それもそのはずで、高校生の時にバビロニア伝説にハマって以来、特にこの魔神鏡の女神の伝説にのめり込んでいったというから、彼女が興奮するのも無理はない。

目の前にいるわたしが彼女の憧れの女神であり、その生々しい体験談を語っているのだ。


わたし自身は、自分の事を女神だとか巨神だなんて思った事はなかったから少し戸惑っていた。

わたしみたいな普通のアラサー女が、そんな大それた創造物を演じていたなんて思ってもみなかった。

でも、悪い気はしなかった。


❝そうだ、わたしはナチを相手に大暴れする巨神の女神なのだ!❞


心の中で優越感を覚えながらほくそ笑むわたしだった。


「それで、今までにどの位の町を破壊したの?」(里美)


「10ヶ所以上だと思います。
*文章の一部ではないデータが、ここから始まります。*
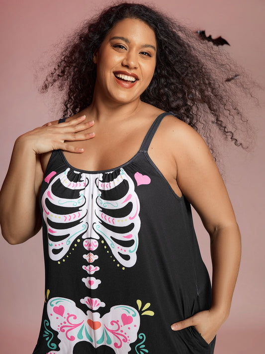 Cool Skeleton Print Stretchy Lounge Jumpsuit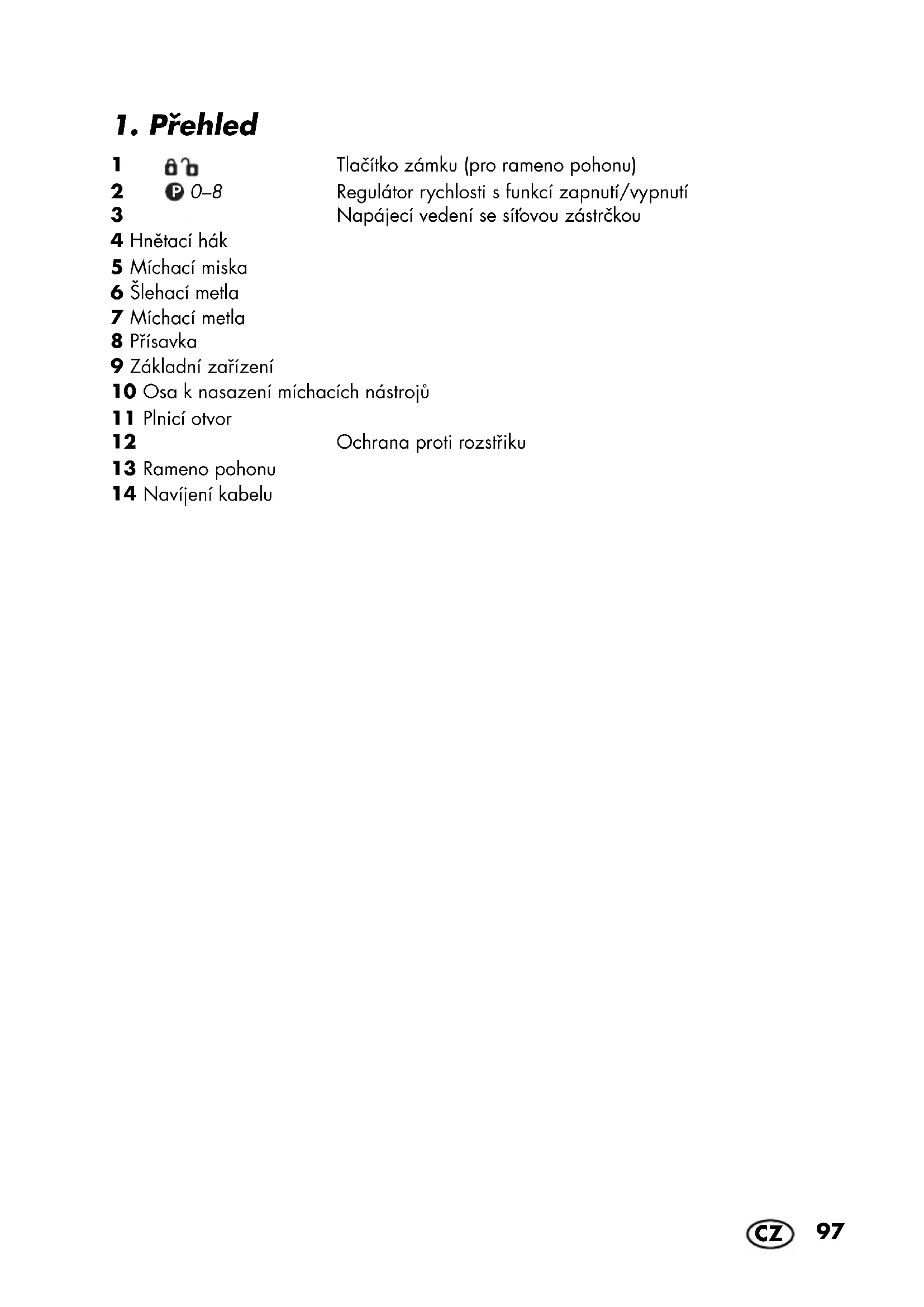 1 Tlačítko zámku (pro rameno pohonu) 2 0–8 Regulátor rychlosti s funkcí zapnutí/vypnutí 3 Napájecí vedení se síťovou zástrčkou 4 Hnětací hák 5 Míchací miska 6 Šlehací metla 7 Míchací metla 8 Přísavka 9 Základní zařízení 10 Osa k nasazení míchacích nástrojů 11 Plnicí otvor 12 Ochrana proti rozstřiku 13 Rameno pohonu 14 Navíjení kabelu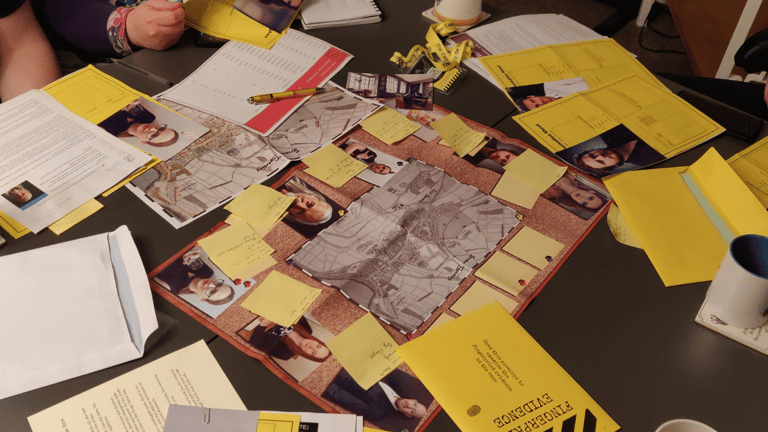3.Set up your murder board either on a flat surface or stuck to a wall or cupboard. This is your board and your map so you can mark them as you wish.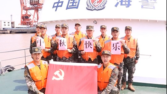 “海上生明月,天涯共此時。我們在上海海警局蘆潮工作站祝全國人民中秋節(jié)快樂,值此花好月圓的時刻,我們一定不辱使命,堅決守衛(wèi)好祖國的萬里海疆?!?/p>

」

「わたし的には、いちいち数えてないし、」

「壊した町の数なんて関心なかったから・・。」

「でも、破壊する度にもの凄い快感を覚えたのは事実です。」

「巨大なわたしに逆らうんじゃねえよ!・・みたいな。」

「破壊や殺戮を繰り返す内に、Sなオンナになっちゃった事もありました。」(わたし)


「どんな風にナチスの兵士達を殺したの?」(里美)


「基本、わたしは踏み殺してました。」

「このブーツで。」(わたし)


「その格好でトリップしてたの?」(里美)

そう言いながら、マジマジとわたしのブーツや服装に見入る彼女。


「なんだ、わたしウルトラウーマンみたいなコスプレでトリップしてたんだと思ってたわ。」

「そんな普段着の巨神なんてちょっと面白いかも・・。」

「だって、チェック柄のブラウスにジーパンにロングブーツインでしょ?」

「最近のアラサー女性の定番コーデよね。」(里美)


「実際にトリップするときは革製のロング手袋もはめてるんですよ。」

「最初の頃はゴム手袋をはめてましたけど。」

「建物を叩き潰すのに素手だと痛そうなので・・。」

「普段着姿の巨大ヒロインを演じてました、わたし達。」(わたし)


「ってことは、他の人達もみんなジーパンにロングブーツインだったの?」(里美)


「そうなんです。やっぱり暴れるとすごくホコリっぽくなるし汚れるから、」

「お気に入りで使い古しのシャツやジーパンが最適なんです。」

「それに破壊技の大半は踏み潰したり蹴っ飛ばしたりなんで、」

「ロングブーツが基本なんです。」

「このロングブーツはわたし達にとっての武器なんです。」(わたし)


「ひょっとしてそのブーツで暴れてきたの?」

「ちょっと見せてくれる?」(里美)


「いいですよ、どうぞ!」(わたし)

そういうと、わたしはベージュのレインブーツを履いた右脚を先生に向かって伸ばしてみせた。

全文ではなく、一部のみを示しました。